LA STORIA DELLA SCOPERTA
L’accurata mappatura del movimento delle stelle in prossimità del centro della nostra Galassia porta due gruppi concorrenti, tra il 2008 e il 2009, a “pesare” l’oggetto compatto che domina il centro. I gruppi fanno capo al tedesco Reinhard Genzel e alla statunitense Andrea Ghez che hanno dedicato oltre un decennio allo studio delle orbite delle stelle annidate nel cuore galattico.

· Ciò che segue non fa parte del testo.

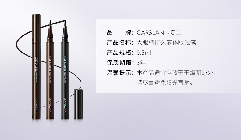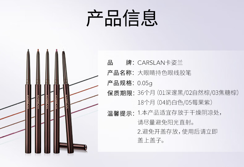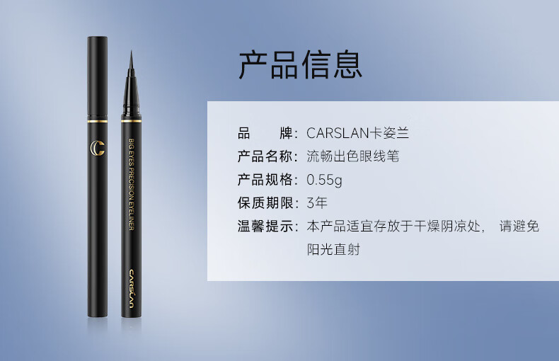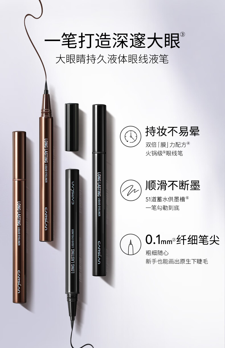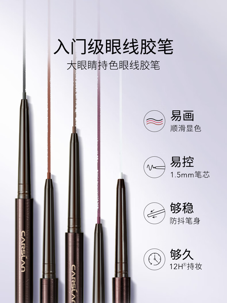 卡姿兰(Carslan) 大眼睛持色眼线笔 不易晕染防水防汗初学者不易脱妆初学者送女生 持色眼线胶笔01深邃黑

Un successo basato su lunghissime sequenze di osservazioni fatte da Ghez con il telescopio Keck alle Hawaii, spesso in competizione con Genzel che, invece, sfrutta i telescopi dello European Southern Observatory in Cile. Pur con strumenti diversi, i due gruppi hanno usato tecnologie simili, concentrandosi anche sulle stesse stelle. Per calcolare la massa dell’oggetto centrale, occorre avere una buona descrizione dell’orbita percorsa dalle stelle, cosa che richiede la mappatura accurata del loro moto. Negli anni 90, per migliorare la risoluzione spaziale delle loro immagini, entrambi ricorrevano alla speckle imagining, una tecnica basata sull’utilizzo di immagini con tempi di posa molto brevi, ottimizzati per “battere” le turbolenze dell’atmosfera. Le immagini dovevano poi essere sommate per ottenere le lunghe pose necessarie per rivelare e posizionare le stelle interessanti. L’idea era di fare osservazioni a distanza di circa un anno per seguire il movimento delle stelle e tracciare le loro orbite. Nel 1996-1997 i due gruppi hanno dimostrato che le stelle seguivano orbite kepleriane, poi nel 2002-2003 hanno calcolato che la stella S2 ha un periodo orbitale di

» L’ombra del buco nero centrale della Via Lattea, Sgr A*, ripresa nelle onde radio dalla collaborazione Eht.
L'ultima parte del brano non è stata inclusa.